In the last ten years, the production for unconventional, shale, plays is becoming increasingly important. During the development phase, multiple wells are drilled in a single section and the production from adjacent wells can vary significantly. Based on this observation, there is a notion in the oil and gas industry that horizontal wells drilled in shale plays appear to be random in nature; i.e., the production from adjacent wells show no apparent correlation. This lack of correlation is attributed to the variability of the hydraulic fractures, ignoring the underlying geology. The current SPEE (Society of Petroleum Engineering Evaluation Engineers) monograph (SPEE, 2011) on reserve estimation implicitly assumes the performance of adjacent wells to be randomly correlated.
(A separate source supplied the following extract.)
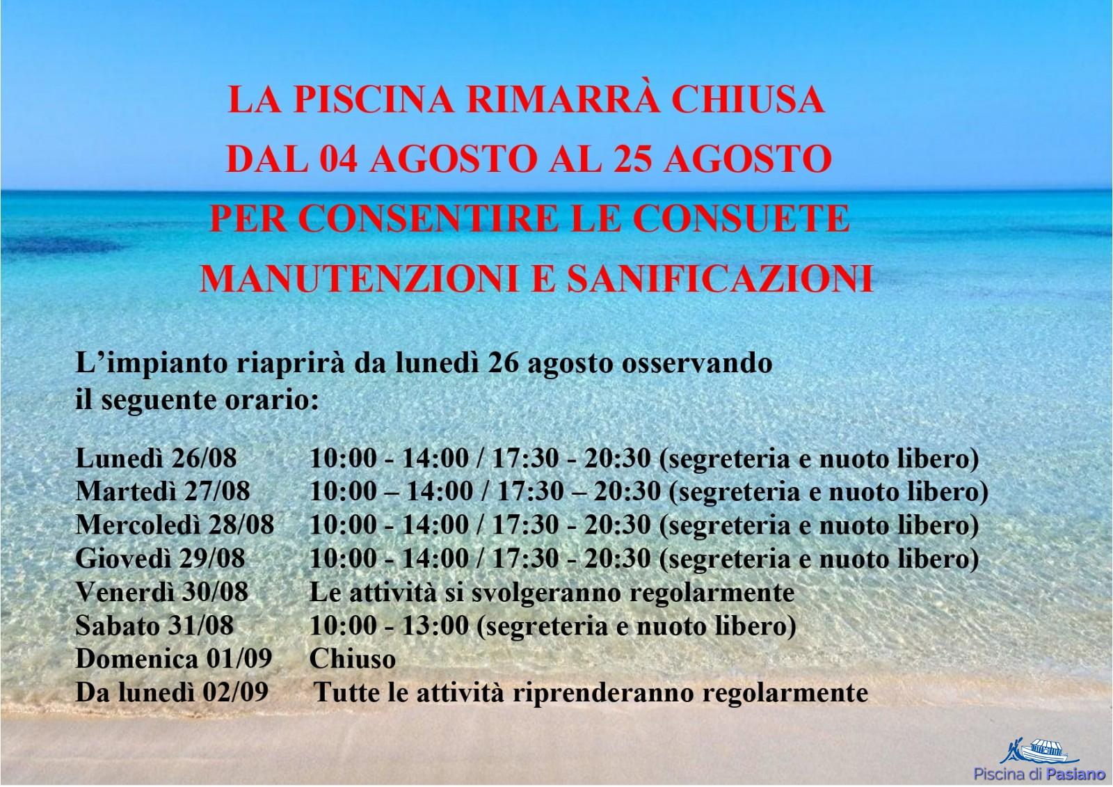 Chiusura impianto periodo estivo Articolo del 20/07/2024 ‹ › × × Chiusura impianto periodo estivo Commenti Abilita JavaScript per visualizzare i commenti tramite Disqus.

This study questions the SPEE approach and provides an alternative methodology for evaluating reserves from unconventional formations. We perform a case study on the Eagle Ford shale formation in south and central Texas and the issue of the underlying geological continuity is addressed by properly accounting for the scale. The key difference between vertical and horizontal wells is that vertical wells’ performance can be closely tied to the core and log data collected at the well location as the productivity of the well can be correlated to the information at the well. Horizontal wells differ significantly from vertical wells since the log data collected from the vertical portion of the well and the production obtained from the horizontal wells come from different parts of the reservoir. The only way we can correlate the log response data to the horizontal well production data is by scaling the data appropriately which is done by averaging the production data around the horizontal well location. Thus, this recalibrated production data represents the productivity around that region. Geostatistics provides the necessary tools to properly scale the initial potential from the horizontal wells. In addition to scaling the production data, we also scale the well log data and compare the scaled well log data to production data. The correlation between the two clearly illustrates that there is an underlying relationship between the log data collected and the potential of the wells. Using this developed relationship, it is demonstrated that geology matters in high grading the well locations in shale plays. The uncertainty about the performance of the horizontal wells can be significantly reduced by using the well log information that will help interpret the well performance at each un-drilled location. Future predictions of well performance made using this model indicates that the method is successful in correctly predicting the performance of future wells. Although the methodology is only applied to Eagle Ford data, it can be easily adapted to other shale plays.